## What the exercise asks
Everything from the line that holds "تواجه صناعة السيارات" through the end of the listing below must be retyped word for word, without any pictures.

## Raw data

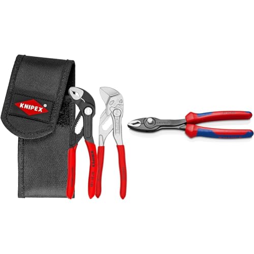 Knipex Mini Pliers Set in Belt Tool Pouch (self-Service Card/Blister) 00 20 72 V04 & TwinGrip Slip Joint Pliers Black atramentized, with Multi-Component Grips 200 mm 82 02 200
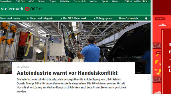 تواجه صناعة السيارات في ولاية شتايرمارك النمساوية تحديًا اقتصاديًا كبيرًا بعد إعلان الولايات المتحدة فرض تعرفة جمركية بنسبة 25% على قطع السيارات المستوردة، وهو القرار الذي من المتوقع أن يلقي بظلاله الثقيلة على الشركات النمساوية التي تعتمد بشكل كبير على تصدير مكونات السيارات إلى الأسواق الأمريكية عبر الشركات الألمانية.
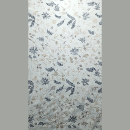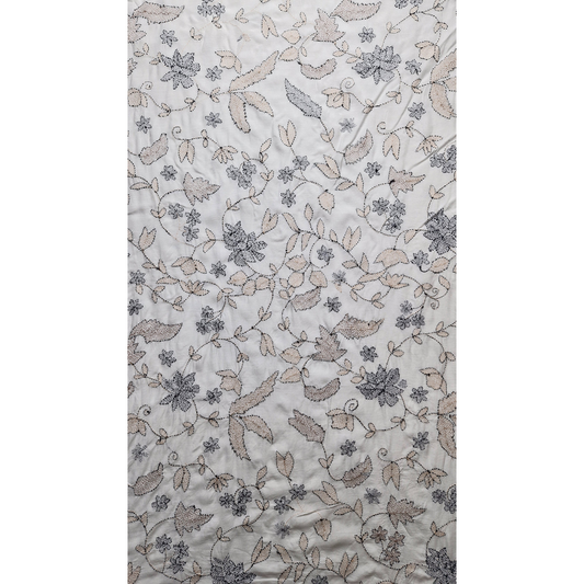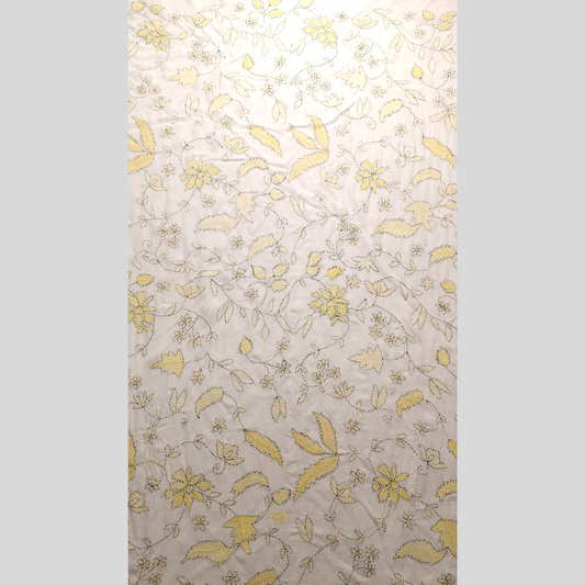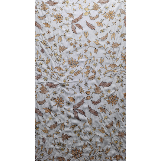 albaas | Kantha Work on Grip Silk Shirt's Front and Sleeves with Plain Trousers-Unstitched 2PC Suit | AGSKWST-36702-G-WHITE

## Written solution
 تواجه صناعة السيارات في ولاية شتايرمارك النمساوية تحديًا اقتصاديًا كبيرًا بعد إعلان الولايات المتحدة فرض تعرفة جمركية بنسبة 25% على قطع السيارات المستوردة، وهو القرار الذي من المتوقع أن يلقي بظلاله الثقيلة على الشركات النمساوية التي تعتمد بشكل كبير على تصدير مكونات السيارات إلى الأسواق الأمريكية عبر الشركات الألمانية.
 albaas | Kantha Work on Grip Silk Shirt's Front and Sleeves with Plain Trousers-Unstitched 2PC Suit | AGSKWST-36702-G-WHITE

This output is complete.